October & Borai - Sticky Fingers/Left Out [brstl]
Asusu - Sister/Too Much Time Has Passed [Livity]
Vessel - Wax Dance EP [A Future Without]

And we finish with another edition of Bristol Corner, as has become customary for Hyperspecific by now. That's partly down to this writer's personal bias, but mostly because there are very few places in the world currently churning out such consistently excellent electronic music. Lately, as if to keep pace with the city's new adventures in house music, two new hand-stamped white label imprints have sprung up: Livity and brstl.

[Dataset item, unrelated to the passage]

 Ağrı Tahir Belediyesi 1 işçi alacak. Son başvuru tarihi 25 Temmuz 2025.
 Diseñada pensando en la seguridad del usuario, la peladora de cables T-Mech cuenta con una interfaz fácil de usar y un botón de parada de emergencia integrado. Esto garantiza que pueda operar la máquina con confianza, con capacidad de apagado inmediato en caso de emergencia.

The former's second release is from Asusu, whose earlier music remained engaged with the dubstep/techno axis circa-2008. 'Too Much Time Has Passed' stays in that zone - it's a lovely, spiraling dub track that recalls Appleblim & Peverelist's already seminal Skull Disco collab 'Circling'. 'Sister' is closer to the Bristol of now, matching swung percussion and a four-to-the-floor kick to reedy treble drones.

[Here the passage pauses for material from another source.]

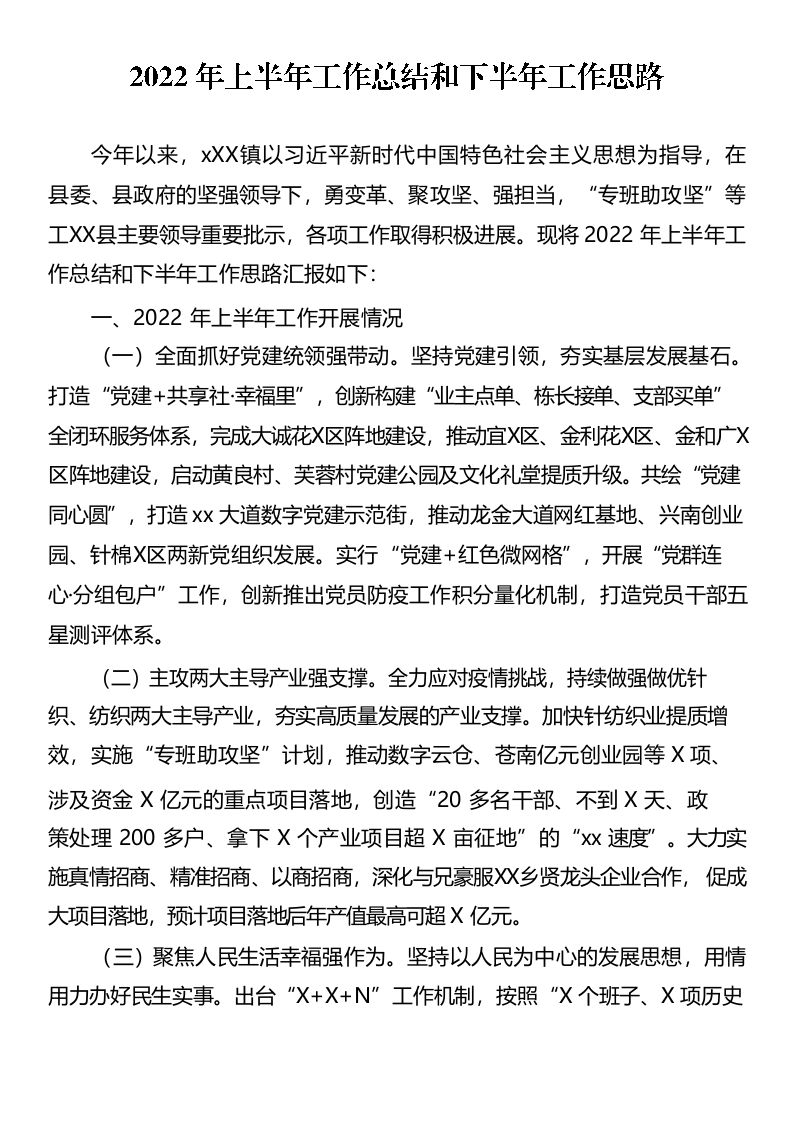 2022年上半年工作总结和下半年工作思路汇编(3篇)(街道专题)

Brstl's opening salvo is of an excellent pedigree. It's associated with both Idle Hands and Immerse - two labels already very much involved in the Bristol scene as it stands - and its first release comes from October & Borai. October's activities anticipated the city's current vogue for house music - he's been producing beautiful, live-sounding analogue house and releasing it through his old label Caravan for several years - so it's fitting that he's starting to gain wider recognition for his music. These collaborations with Borai are both nicely aligned with Kowton's current experiments in stripping house to the bone. 'Left Out' is composed of little other than tightly swung percussion, the odd stammer of human voice and thick, loping chords that drag out across its surface. 'Sticky Fingers' is slower and lonelier, its stringy chords and thin melodic lines better suited to nocturnal wanderings than peak-time club floors. Both tracks are fantastic, and it's released on a strictly limited, no digital basis, so it's worth snapping one up quickly.

If you've listened to Vessel's excellent mix for the Quietus, you'll have some idea what to expect from his new digi-only EP on Throwing Snow's label. Seb Gainsborough is something of a musical magpie - in the interview accompanying his mix we talked equally about footwork, gabba and James Ferraro. Wax Dance, however, is still pitched in the direction of house, albeit that of the knackered variety. He doesn't DJ out very often, which shows. These five tracks often feel less concerned with typical clubwise horizontal development than the establishment and maintenance of atmosphere. In that they're roundly successful - something in Gainsborough's treatment of melody is very reminiscent of Philip Jeck's ability to wring great quantities of emotional matter from antique vinyl. Still, they could all coax serious movement out of a club crowd. 'Cuba' and 'Trapped Wave' are both glorious - how I imagine Jeck would sound if he made sunken disco rather than scuffed ambient. Stunning stuff. It's only a shame they're digital only, these gorgeous miniatures would sound sexy on wax.